Quote from AAAintheBeltway:
As technical traders we often ignore the "why" behind a move, preferring to focus on the "what". The "why" often is hard to discover and media explanations are frequently wrong.
Some markets however require an intense focus on the "why." Interest rates are one such market (Currencies are another.) I think the "why" in bonds can be directly attributed to hedging by mortgage investors. That hedging activity has a vicious circle nature to it, as lower prices require more selling and vice versa. When the hedge books are so enormous, the effects can be brrutal.

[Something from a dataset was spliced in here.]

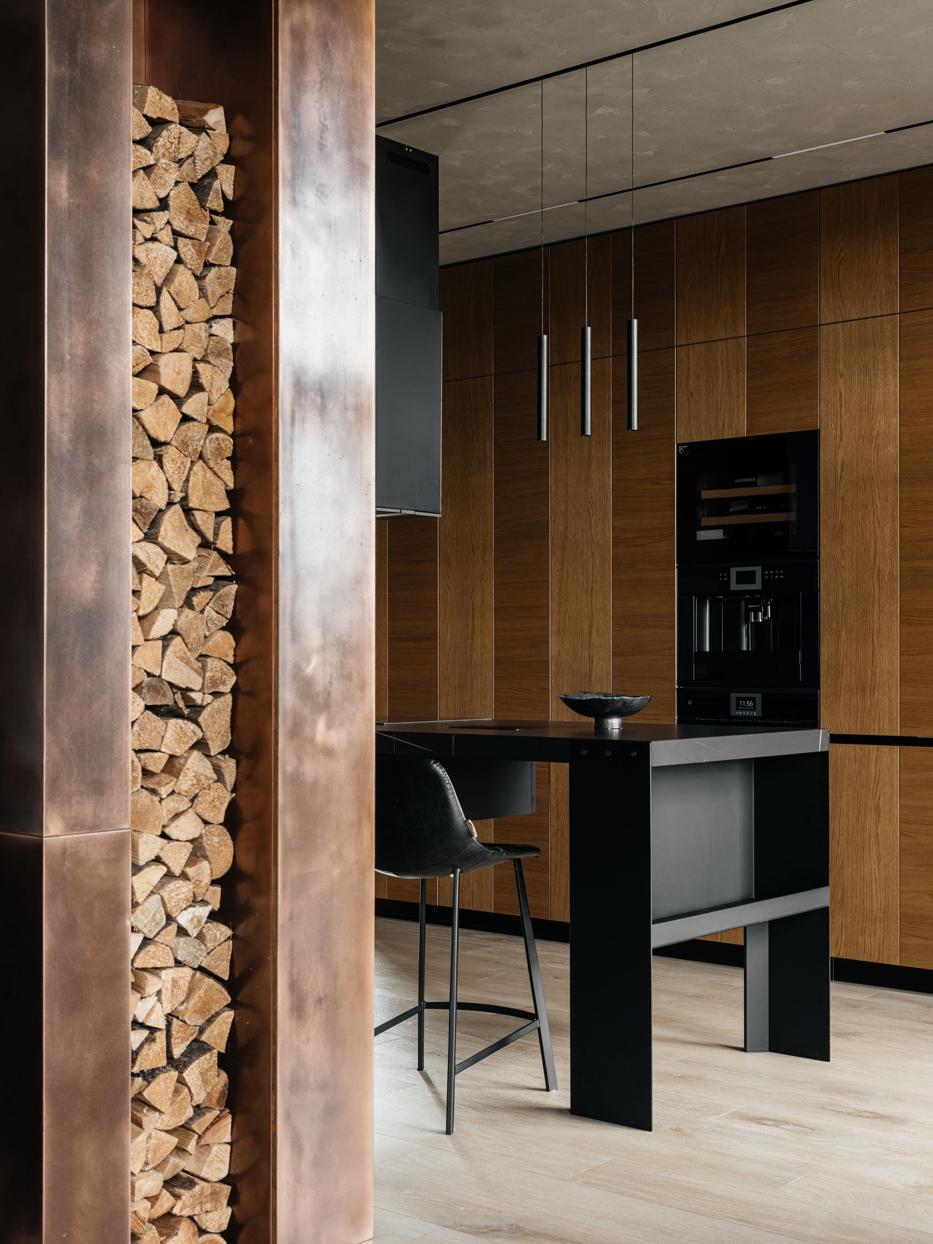 The ground floor of the apartment is a completely public area. It houses a kitchen from the Chesar factory (the only one in Russia), a living room with a fireplace lined with copper panels, a home theater and a children's playroom.

If we accept that the rally and sell-off in bonds were the result of mortgage hedging, why haven't we seen such spikes before? I think the answer may lie in the greater scrutiny being placed on the twin towers, FNM and FRE. They are under intense pressure to mark their hedges to market and disclose the results ina transparent way, rather than bury them as in the past. So perhaps they are applying a quick trigger and inadvertently producing unprecedented volatility as a byproduct.
Will it continue and if so, in what direction? Vol's tend to be mean reverting. If they're not, there will be some pretty ugly blowups in fixed income, as I can't believe portfolios can take too much of this battering. The Treasury also has an interest in this, as they will be offering increasing amounts of government debt. I'm not so naive not to think they can lean on the agencies to calm the market down.
So look for more stable rates, perhaps even a flattening of the curve from the long end.